La ragazza vestita di bianco sembrava la ignorasse, era assorta nei suoi pensieri, poi qualche rumore poco lontano la fece sobbalzare.
"Vattene via. Adesso."
Noir eseguì l'ordine, ma era curiosa e si nascose tra i cespugli e le rose. Un'altra figura si accostò a quella magra e chiara della ragazza: un ragazzo dalle larghe spalle e il buio non permetteva di osservarne i particolari, ma Noir decise comunque di ascoltare. Le voci le giungevano chiare.
"Blanche, perdonami."
"Hardest. Cos'è successo?"
"Nulla d'importante. Mi sei mancata Blanche."
Le due sagome si unirono, fino al punto da non far capire dove iniziasse l'una e dove l'altra. Un bacio unì i due ragazzi per un momento che a Noir parve eterno.
Si udirono altri passi e Noir si allontanò, spaventata dal fatto che non era la sola che stesse scappando: poco distante da lei c'era un amore che doveva nascondersi.
Noir tornò silenziosa nell'ampio salone del castello, ma fu costretta a nascondersi ancora. Respiri affannati la spaventarono.

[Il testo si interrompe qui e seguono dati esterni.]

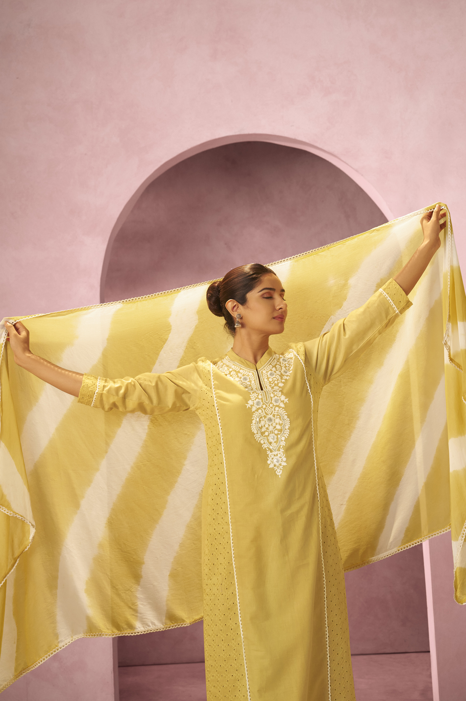 • This yellow pure cotton Schiffli embroidered kurta set with dupatta is perfect for festive and casual wear. Featuring a straight calf-length kurta with a mandarin collar, cotton pants, and a Najmin chiffon dupatta, this women’s ethnic kurta set offers comfort, elegance, and timeless style for every occasion.

"Blanche... perdonami. Domani, al solito posto. Perdonami ancora."
"Vai via Hardest, potrebbero vederti."
"L'ultimo bacio." disse il ragazzo. E così il salone rimase vuoto e Noir, con le spalle al muro poteva finalmente riprendere a respirare.
Aveva paura, ma non capiva cosa temesse davvero. Si stese nuovamente sul suo letto e riprese a dormire. Le tennero compagnia le stelle e una lieve e piacevole brezza.
L'alba spuntò qualche ora più tardi, ma Noir si costrinse a restare a letto. Fino a sera, finchè il cielo non riempì di stelle nuove, Noir non fece altro che pensare e rivivere la passione dei due ragazzi. Sorrise, poi si lasciò cadere in un lungo sonno.
"L'amore è la cosa più bella che possa esistere Noir e non è sempre facile, ricordalo sempre." Chandra sorrideva e le accarezzava la guancia. "Ricordalo sempre. Sempre."